Among the fantasies is nude bowling with hookers, played by Kristina Robbins and Katherine Copenhaver. I don't want to write a spoiler, but the film manages to stay fresh and interesting, and all characters find some sort of redemption in the end. While neither lead is very likeable, we still somehow empathize with them.

The film was shot to be very grainy, probably to set the mood, but better cinematography would not have weakened the story for me. I detest dying man films, but enjoyed this one, which was far more interesting, as it focuses on the problems of living, rather than those of dying. C+

The Critics Vote

  • General USA consensus: three stars. Ebert 3/4, Berardinelli 3/4

The People Vote ...

  • It grossed only $464,000, but the budget was only a million dollars.


The meaning of the IMDb score: 7.5 usually indicates a level of excellence equivalent to about three and a half stars from the critics. 6.0 usually indicates lukewarm watchability, comparable to approximately two and a half stars from the critics. The fives are generally not worthwhile unless they are really your kind of material, equivalent to about a two star rating from the critics. Films rated below five are generally awful even if you like that kind of film - this score is roughly equivalent to one and a half stars from the critics or even less, depending on just how far below five the rating is.

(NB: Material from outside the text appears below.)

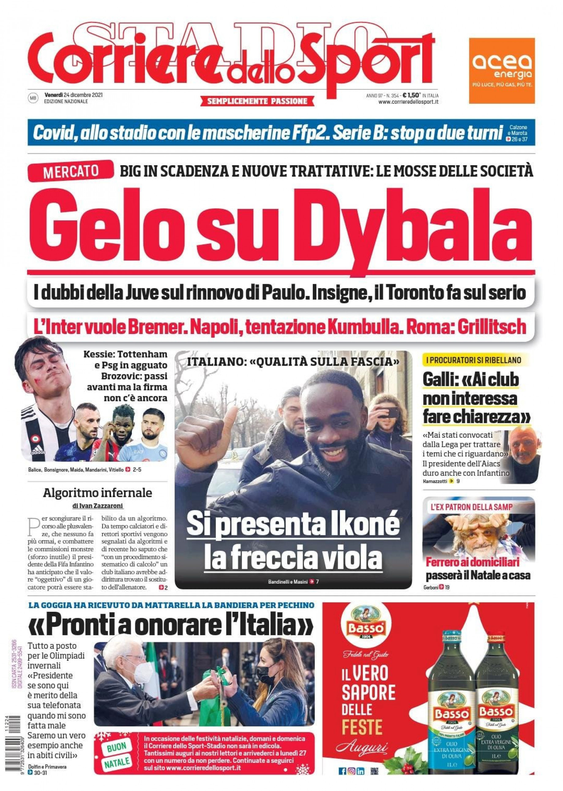 Il Corriere dello Sport apre in prima pagina con il calciomercato delle squadre di Serie A: "Big in scadenza e nuove trattative: le mosse dele società. Gelo su Dybala. I dubbi della Juve sul rinnovo di Dybala. Insigne, il Toronto fa sul serio. L'Inter vuole Bremer. Napoli, tentazione Kumbulla. Roma: Grillitsch. Kessie: Tottenham e PSG in agguato. Brozovic: passi avanti ma la firma non c'è ancora". In taglio alto le nuove misure del governo per gli stadi e al centro il nuovo colpo di mercato della Fiorentina.

My own guideline: A means the movie is so good it will appeal to you even if you hate the genre. B means the movie is not good enough to win you over if you hate the genre, but is good enough to do so if you have an open mind about this type of film. C means it will only appeal to genre addicts, and has no crossover appeal. (C+ means it has no crossover appeal, but will be considered excellent by genre fans, while C- indicates that it we found it to be a poor movie although genre addicts find it watchable). D means you'll hate it even if you like the genre. E means that you'll hate it even if you love the genre. F means that the film is not only unappealing across-the-board, but technically inept as well.

Any film rated C- or better is recommended for fans of that type of film. Any film rated B- or better is recommended for just about anyone. We don't score films below C- that often, because we like movies and we think that most of them have at least a solid niche audience. Now that you know that, you should have serious reservations about any movie below C-.

Based on this description, this film is a C+ (both reviewers).